Accomplishments that I'm proud of
1) Mozilla deep speech API: With our limited background in machine learning, we were at first worried that incorporating machine learning in our project would make our project's scope and difficulty too much to handle. Companies like Veritone invest hundreds of millions of dollars and an entire infrastructure of employees to implement speech-to-text services, and here we were trying to implement a prototype as students in 36 hours. Nevertheless, we learned to use the DeepSpeech API effectively, and we got what we wanted - reliable and accurate speech transcription. Our use of machine learning in this project further broadens our project's potential applications, as we can retrain the machine learning model for specific purposes or subjects. The default model is trained on conversational speech, so it is pretty much incapable of recognizing the word "cache", as it will almost always interpret the speech as "cash". If we were to train our model especially for computer science-related speech, which we are capable of doing, we can potentially make our model more accurate for transcribing computer science lectures than the production-level speech-to-text web-services like Azure, AWS, and Google Cloud.
2) Setting up custom mappers for elasticsearch indices: We used our own custom analyzers and filters for elasticsearch. We also used its feature where it would not consider common English stopwords in the query.

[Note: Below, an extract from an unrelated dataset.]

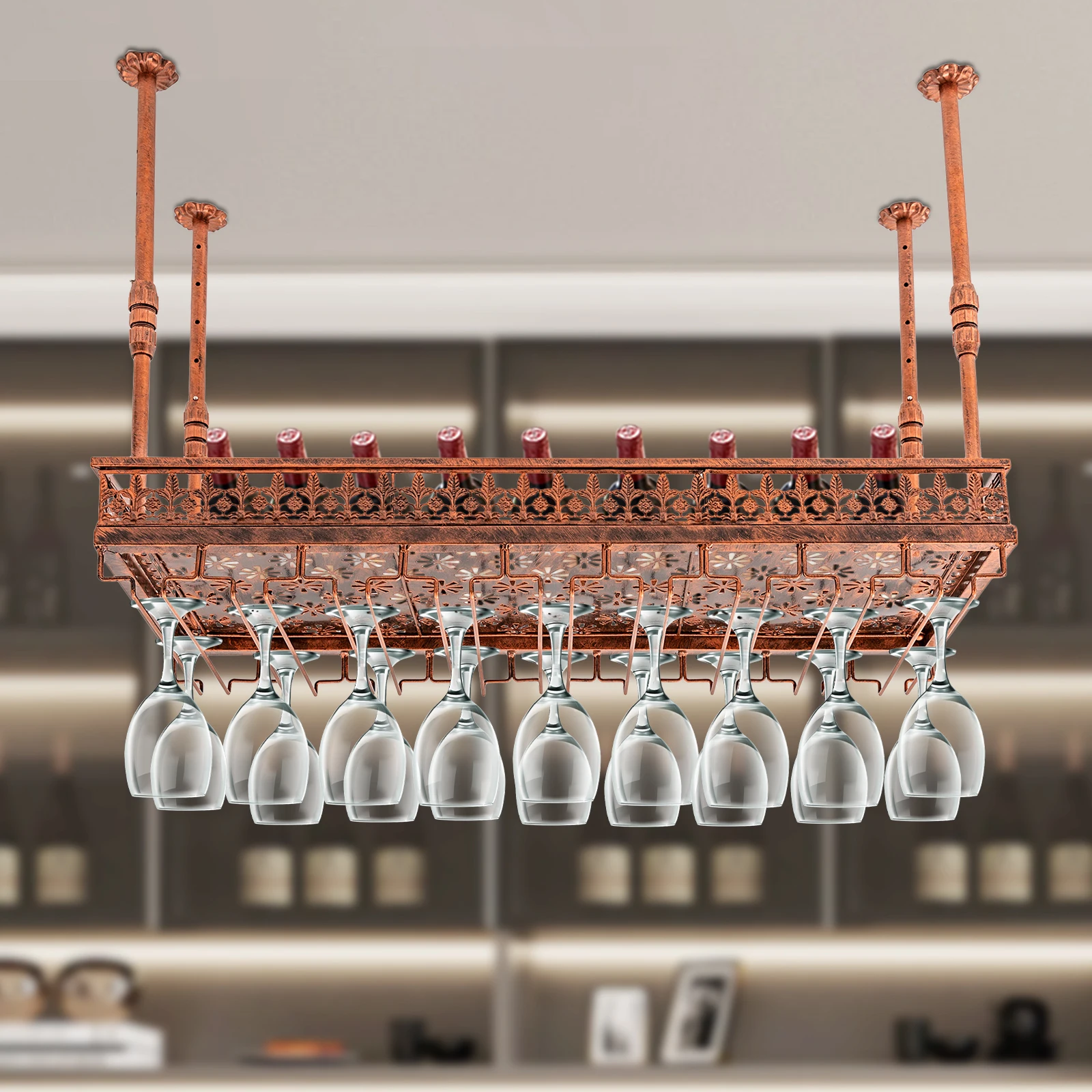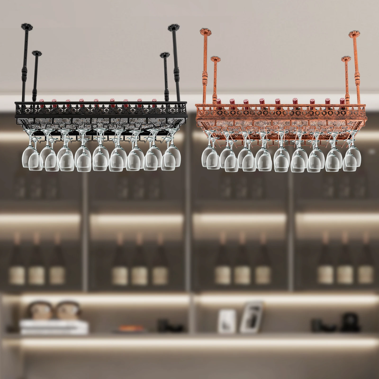 amzMHrqgcHere you can buy Ceiling Wine Glass Rack Hanging Wine Glass Rack Height Adjustable Hanging Wall-Mounted Perfect for Bar Cafe(90cm) with free delivery to your post office.
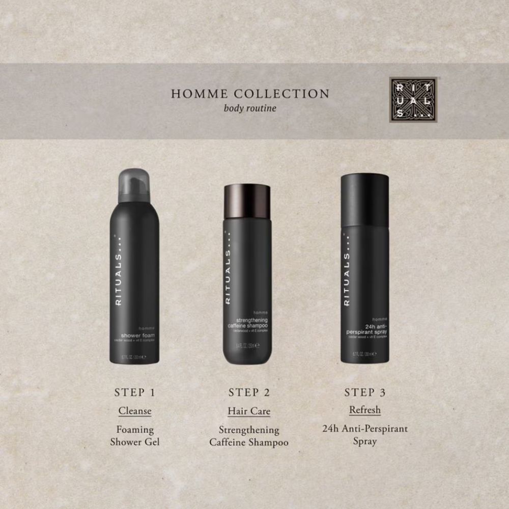 Tip: Breng de deo aan op een schone, droge huid bij voorkeur na het douchen. Voor een extra lange geurervaring combineer je ‘m met The Ritual of Homme Shower Foam uit dezelfde lijn.

3) PyMuPDF pdf extraction: We extracted the text along with its font family using PyMuPDF library in Python. We then normalised the font size to extract relevant headings in the document.
What I learned
System Design, Mozilla Deep Speech, Asynchronous processing, N-Gram phrase matching and lots of other stuff
What's next for Lecture-Scope
Well, we have already pitched the idea to some of our professors. Our vision is to create a widely adopted educational portal where you can also support trending lectures on a particular topic and private lectures.